Но память не спрашивала моего согласия. Она пришла, разрывая тишину, как холодный ветер, задувающий сквозь трещину в окне. От этого ветра нельзя было спрятаться.
Сначала всплыл тот мгновенный, яркий вечер, когда он впервые произнёс слова, которые повергли меня в трепет – “Я люблю тебя.” Мы тогда мчались сквозь тёмный парк под летним дождём, наши смехи заполняли пространство, а радость была бесконечной. В какой-то момент он поднял меня на руки, закружил, и я почувствовала, как вся Вселенная сжалась в этот короткий миг – в его руках, в его голосе, в шёпоте, что прикасался к моему уху. Это было так естественно, так истинно, что я поверила. Поверила всем сердцем, всей кожей, каждой клеткой своего тела, ибо в тот миг казалось невозможным, что такая любовь могла бы когда-нибудь закончиться.

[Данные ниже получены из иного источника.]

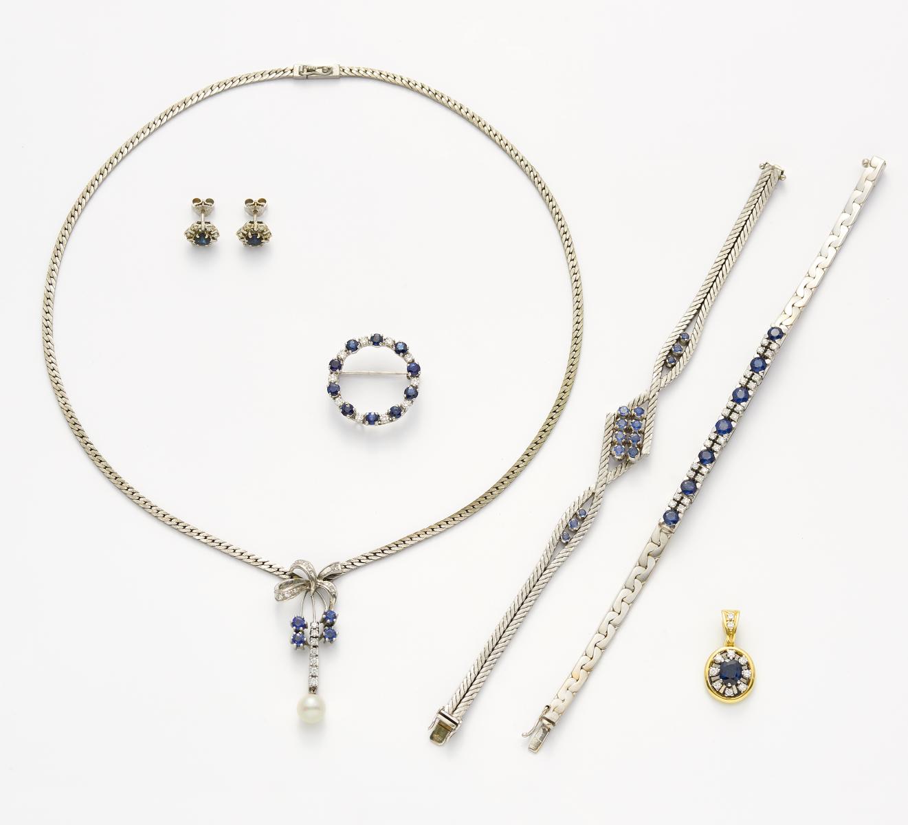 Maße: Collier L.ca. 44,5cm, A.band 18,5cm, Brosche D.ca. 2,4cm, Anhänger L.ca. 2,4cm, Ohrstecker D.ca. 0,8cm.

Затем память швырнула меня в другую сцену. Мы на кухне. Я стою у плиты, готовя что-то простое, привычное, а он подходит сзади, обнимает меня, зарывается носом в мои волосы и шепчет что-то, что-то о том, как я пахну домом, как ему спокойно рядом со мной. И снова я поверила, как ребёнок верит в сказку, верит в чудо, потому что именно так любовь должна была наполнять жизнь.
Я продолжала свой путь, и каждый шаг был сопровожден новой вспышкой воспоминаний. Вот он смотрит на меня с таким вниманием, как будто в его взгляде заключена вся вселенная, и в тот момент я подумала, что, вероятно, теперь мне ничего не страшно. Вот мы сидим на кухне в молчании, накрытом непередаваемым чувством, каким-то тонким и липким, которое я не решалась назвать, боясь, что это слово может разрушить всё. Вот он впервые отвел взгляд, когда я, полная надежды, упомянула о детях, и ощущение потери огнём пронзило меня, хотя я пыталась загнать его в самый дальний угол души, заставляя себя верить, что это всего лишь первая тревога, которая пройдет.
Я проходила знакомые улицы, знакомые магазины, знакомые кафе, и каждая витрина, каждый знак пронзали меня воспоминаниями, как ржавые гвозди. Вот как мы вместе отдыхали на море, и я смотрела на него, лениво загорающего на шезлонге, потягивающего холодный сок, и в тот миг мне казалось, что я – самый счастливый человек на земле. Но, возможно, он уже тогда знал, что уйдёт, что будет где-то в другом месте, в другой жизни, в которой для меня не будет места.
Я остановилась у перекрёстка, где машины неслись мимо, люди спешили куда-то, кто-то смеялся, кто-то ругался, а я стояла посредине этого хаоса и не знала, как мне жить дальше, как стать частью мира, который теперь казался таким далеким и чуждым. Без всякого размышления я перешла улицу на красный свет, и моё сердце не трепетало от страха, потому что я знала, что если вдруг машина поразит меня, это будет даже проще, чем каждый день учиться жить без него.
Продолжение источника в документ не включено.